Our performance tests are stricter than most – completed two up and with plenty of fuel aboard – so there is no shame in the fact that, in our hands, the Wraith wanted 4.6sec to reach 60mph.
Quite the opposite, in fact. Despite having no launch control (unseemly), this is a car that reaches 60mph just 0.2sec after an Audi RS4 and has pulled 0.3sec ahead of the Audi before 100mph, a yardstick that it dispatches in 10 seconds dead.
That it does so is mildly surprising. That it does so with so little drama – a Bentley Continental GT is almost identically fast but makes a deal more racket proving it – is the Wraith’s calling card.

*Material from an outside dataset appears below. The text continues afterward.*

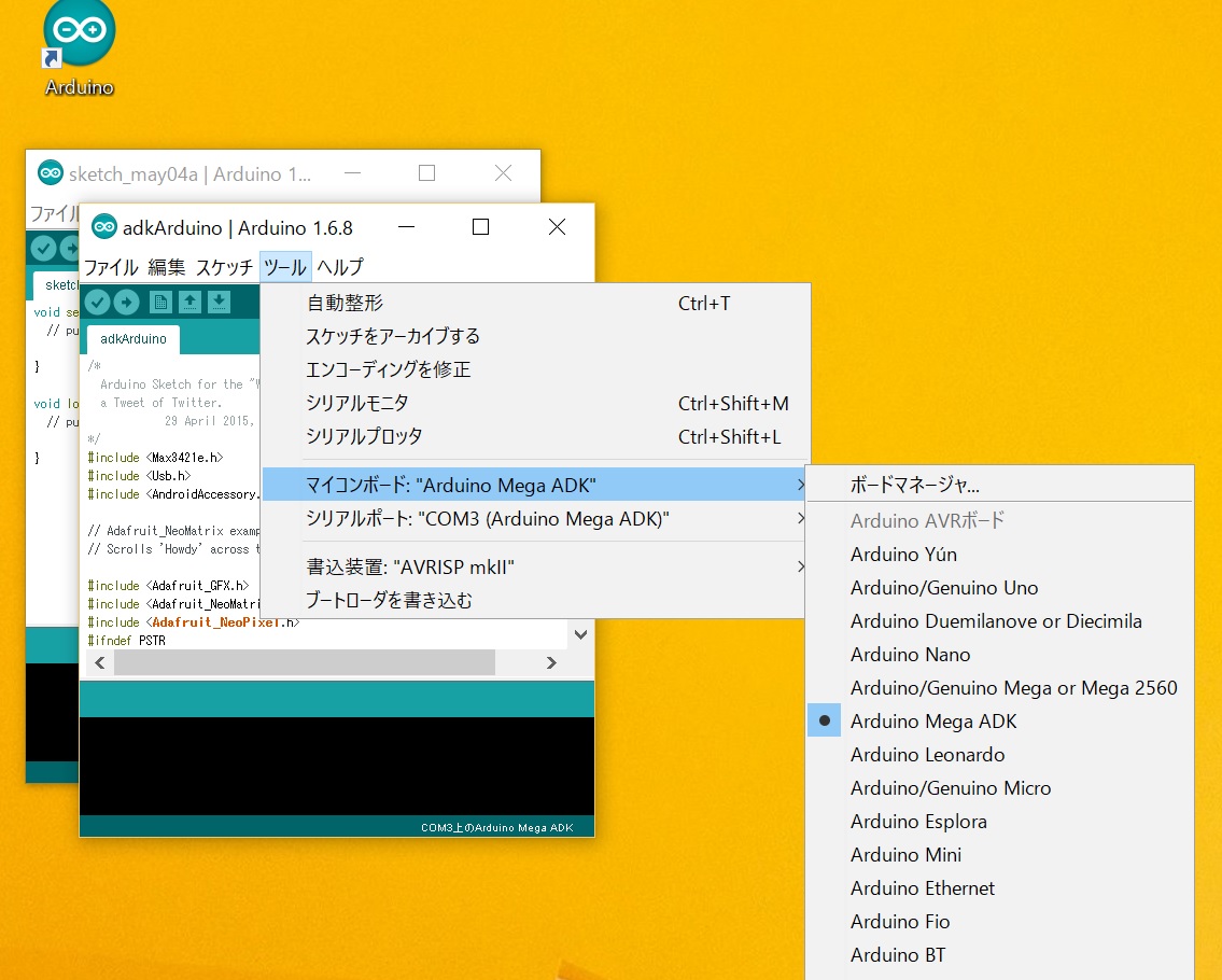 Arduino IDEでのボードの選択と通信ポートの選択。†

Things are more vocal here than in a Phantom – especially if you push the Low button on the gearlever, effectively doing what Sport would do on most auto shifts, and selecting a lower gear.
Even so, though, it’s no more or less audible than you’d expect any Rolls-Royce engine to be. Rolls has pitched the Wraith right where it should be.

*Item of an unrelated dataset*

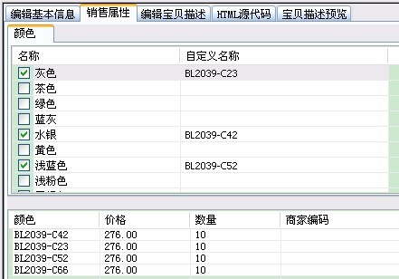 使用我们软件下载这个宝贝,导入淘宝助理,销售属性区域的显示情况(新的结构只有 颜色 一种类型):

We suspect that you’d spend even more time in Low were it not for a novel feature of the Wraith's eight-speed ZF auto, which monitors the sat-nav’s reading of the road ahead and selects an appropriate gear to cater for it.
So if you’re headed for a corner and lift off, the auto knows that the corner is coming and holds a gear for you, rather than shifting up as it otherwise might. Likewise, it recognises motorway slip roads and leaves you in the correct gear for accelerating.
Not that you necessarily detect any of this going on, but although the twin-turbo V12 has ample torque anyway, it saves the jolt of kicking down and retains a pleasing, linear response to the throttle.
The Rolls-Royce Wraith just feels quick, any time, anywhere. Entirely adequate, in fact.